Celebrity Parents magazine said that before Brent decided to self-publish, he received “many rejection letters (which he’s now proud of).” That’s pathetic! And why is Brent considered a celebrity?

His first book, The Art of Poetry, is a collection of illustrated poems, published by vanity press iUniverse in 2002. Amazon.com shows new books selling for under $19, and used books are offered for as little as $1.49. Despite over eight years of availability, there is not even one review for the book on Amazon.com.

The Product Description says, "Absorb into your soul the unique and stylized images that join each poem as they cast their spell. From the asphyxiation of sex to the zenith of being, The Art of Poetry exercises any excuse to be seen, heard, felt, tasted, or touched.
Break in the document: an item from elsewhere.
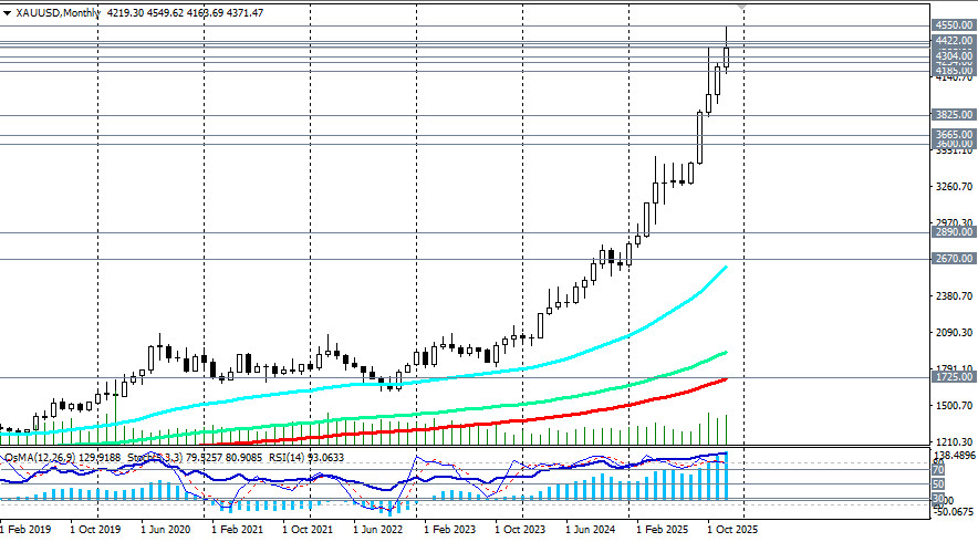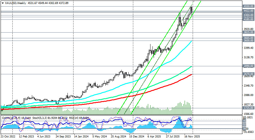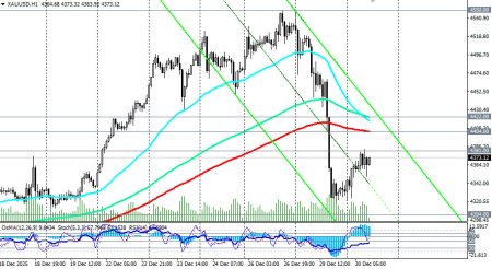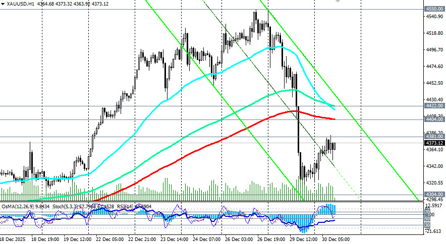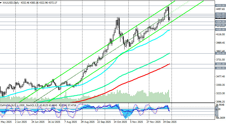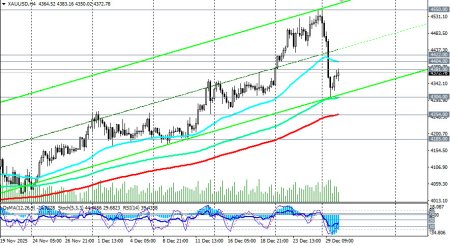 После вчерашнего обвала на фоне широкой фиксации прибыли и перераспределению позиций сегодня пара XAU/USD восстанавливается, понемногу отыгрывая вчерашнее падение. На текущий момент и в начале американской торговой сессии XAU/USD торгуется вблизи отметки 4381.00, тестируя максимумы октября на пробой. В то же время, активность остаётся низкой: большинство инвесторов готовятся к новогодним торгам и не спешат открывать новые позиции, отметили мы в нашем сегодняшнем фундаментальном анализе и обзоре «XAU/USD: фиксация прибыли и коррекция рынка драгметаллов». Если рост цены продолжится, то ближайшей целью станет зона сопротивления вокруг уровней 4400.00, 4404.00 (ЕМА200 на 1-часовом графике). Ее прорыв и пробой уровня сопротивления вокруг 4422.00 (ЕМА144 на 1-часовом графике) подтвердит восстановление бычьего импульса, создав предпосылки для дальнейшего роста. Ближайшими целями после этого станут «круглая» отметка 4500.00 и недавние рекордные максимумы, достигнутые вблизи отметки 4550.00. Данный рост подтвердит сохранение потенциала и для дальнейшего роста: ожидания дальнейшего смягчения денежно-кредитной политики ФРС и глобальная неопределённость, сохраняющая спрос на традиционные убежища, поддерживают эти перспективы. В альтернативном сценарии цена не сможет преодолеть зону сопротивления 4400.00 – 4404.00. Вблизи этих отметок произойдёт отбой, и у медведей появится новая возможность «протолкнуть» цены ниже вчерашних минимумов и отметки 4303.00, к уровням поддержки 4254.00 (200-периодная скользящая средняя на 4-часовом графике), 4200.00 и даже – к 4185.00 (ЕМА50 на дневном графике). Однако данное падение создаст, в свою очередь, новую возможность для входа в длинные позиции по более выгодным ценам. В любом случае актуальными в долгосрочном периоде остаются длинные позиции, также учитывая благоприятный для цен на золото фундаментальный фон и показания технических индикаторов (в нашем случае это – RSI, OsMA, Стохастик), которые на недельном и месячном графиках сигнализируют о сохранении потенциала для дальнейшего роста, долгое время оставаясь в зоне перекупленности, подтверждая тем самым сильный бычий импульс. открыть торговый счет + зарегистрироваться в системе копирования сигналов + инвестировать в ПАММ-системеМатериал предоставлен компанией InstaForex - www.instaforex.com

Join artist/poet Brent Sampson as he illustrates the poetic nature of art and the artistic flair of poems within a collection of work that lingers on once the fixation is gone."
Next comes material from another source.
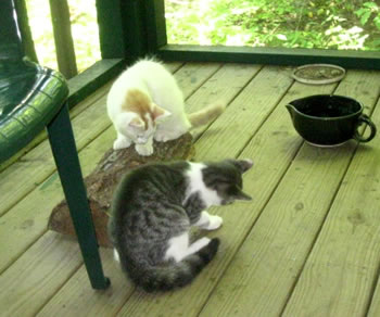 8/27 -- Both Grey and Blondie have figured out how to use the cat door to get out onto the screened porch off the addition. It's still a favorite play area.

Hmm. I've read lots of books, but I never had a fixation to lick, eat or fondle a poem.

Brent's writing can be confusing and poetry is often ambiguous. In the phrase, "From the asphyxiation of sex to the zenith of being," zenith is obviously the high point (i.e., life), so the asphyxiation of sex seems to be death.

OTOH, maybe Brent just means that sex leaves him breathless, or leaves his sex partner breathless. Or maybe he means that his sexual activity is lifeless.

Or maybe he likes snuff porn.

I wonder if Brent's wife, Jeanine Laiza Sampson, knows about her hubby's interest in sexual asphyxiation. Maybe someone should warn her, and call the cops.

The book is no longer available on the iUniverse website. Apparently its sales were so low that Brent decided not to pay the small annual fee to keep the book "in print."  Probably wisely, Brent has not published it as an Outskirts book. It's not even shown on his bibliography page on Amazon. Maybe he'd prefer that nobody knows about it. Sorry, Brent. TFB. We know about the book.

Barnes & Noble sells it for $9.85.  You can read some of it for free on Google Books.

The book's Amazon sales rank this morning was #7,236,335 — making it one of Amazon’s worst sellers.

So, after having a disastrous experience with book sales on Amazon, Brent wrote Sell Your Book on Amazon: The Book Marketing COACH Reveals Top-Secret "How-to" Tips Guaranteed to Increase Sales for Print-on-Demand and Self-Publishing Writers.

Unfortunately, the book reveals no secrets and has no guaranteed tips. The title is fraudulent.

And, if Brent really is "an expert in the field of publishing and promotion" as he claims to be, he probably should've been able to move more of his poetry books.

Of course, most poetry books sell poorly, and vanity-press poetry books sell very poorly.

It's also possible that it's just a shitty book that nobody wants to own.

Brent's poorly written introduction mentions a defunct website, TheSampsonGallery.com, where he apparently failed to sell much artwork from 2000 to 2006. Brent even tried to sell his artwork on clothing and housewares in an online "gift shop" operated by CafePress. You can see Brent's old site at the Internet Wayback Machine.